Self-preference bias — models tend to rate outputs from similar architectures more favourably.

Best practice: Validate LLM-as-a-judge scores against human judgments on a held-out set before trusting them for production decisions.

8. Human Evaluation Protocols¶

Human evaluation remains the gold standard for RAG systems.

Common criteria: Correctness, completeness, faithfulness, clarity, usefulness.

Protocol design:

Blind evaluation (evaluators don't know which system produced which answer).
Multiple annotators per example (typically 3).
Measure inter-annotator agreement (Cohen's Kappa).

Tradeoffs: High cost; low scalability; slow iteration — but irreplaceable for final validation.

9. Common RAG Failure Types and Root Causes¶

Failure Type	Diagnosis	Fix
Relevant doc not retrieved	Low Recall@k	Improve embeddings; use hybrid retrieval; adjust chunk size
Retrieved but not used by LLM	Good recall, low faithfulness	Improve prompt; citation constraints; rerank more aggressively
Partial hallucinations	Mixed faithful + invented claims	Faithfulness scoring; instruction-tune with grounding
Over-reliance on parametric knowledge	Model ignores retrieved context	Explicit grounding instructions; Self-RAG
Stale or contradictory sources	Corpus not updated	Add timestamps; filter by recency; update index

10. Agent Evaluation¶

For single-agent and multi-agent evaluation — metrics, benchmarks, outcome vs. trajectory evaluation, and multi-agent coordination failures — see the dedicated page: Agent Evaluation.

11. Building an Evaluation Dataset¶

Challenge: Creating reliable ground-truth labels for RAG is expensive.

Approaches:

Synthetic generation: Use an LLM to generate questions from your document corpus, creating question–context–answer triples.
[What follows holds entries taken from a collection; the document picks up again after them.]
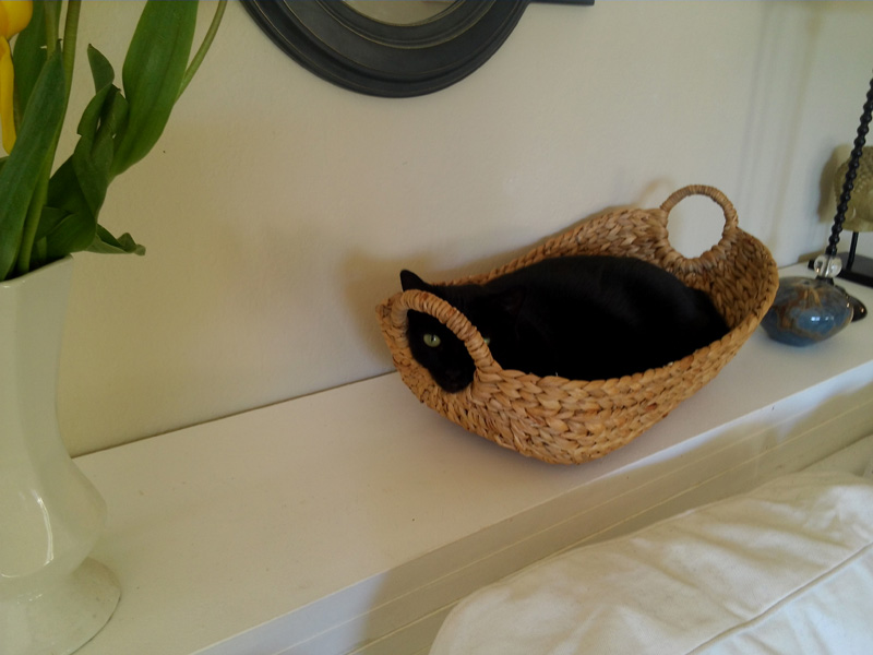 1 – I had just cleared the holiday decorations from the sofa table and placed that basket there for a second when Kiki claimed it. It’s her most favorite spot ever, and now a permanent part of the tableau!
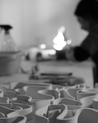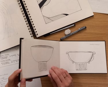Dietro ogni oggetto c'è sempre lo sviluppo di un'idea, attraverso una progressione di pensieri e azioni quali, schizzi progettuali, studio della forma e delle possibili texture, sperimentazione dei colori e tanto altro.
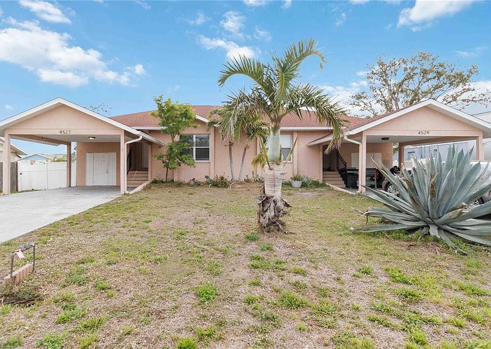 Introducing a money-making monster in West Bradenton! This elevated duplex, built in 1990, features two fully updated units, each with three bedrooms and two baths. Both sides offer interior laundry, luxury vinyl plank flooring thoughout, freshly painted interiors (within 2 years), granite countertops, and updated bathrooms. One unit includes a brand new A/C, both sides have water heaters less than 2 years old, and the 2016 roof ensures insurance peace of mind. Elevated out of the flood plain, each unit has two covered carport spaces with storage units and tons of additional parking, and both exterior A/C units are elevated as well. The living rooms have extremely high vaulted ceilings with skylights, allowing for an abundance of natural light. The backyard is completely privately fenced with vinyl fencing. 1 side of this impressive and rare duplex has been left vacant for the ability of house hacking A.K.A. someone to live in one side with a conforming loan with as low as a 3% down payment and rent the other side out to offset mortgage expenses. The other side is currently rented out at $2300 a month. With no HOA and zero rental restrictions, located in unincorporated Manatee County, long term or short-term rentals are both prime opportunities for any investor. Just minutes from Anna Maria Island, this is an unbeatable investment! (All Pictures are from 4527. 4529 is comparably updated and currently rented)

Fast and free, but synthetic questions may not match real user queries.
Production logging: Sample real user queries and have humans label relevant documents and correct answers. Most realistic, but requires live traffic.
Expert annotation: For high-stakes domains (medical, legal), pay subject matter experts to create a gold-standard test set. Expensive but highest quality.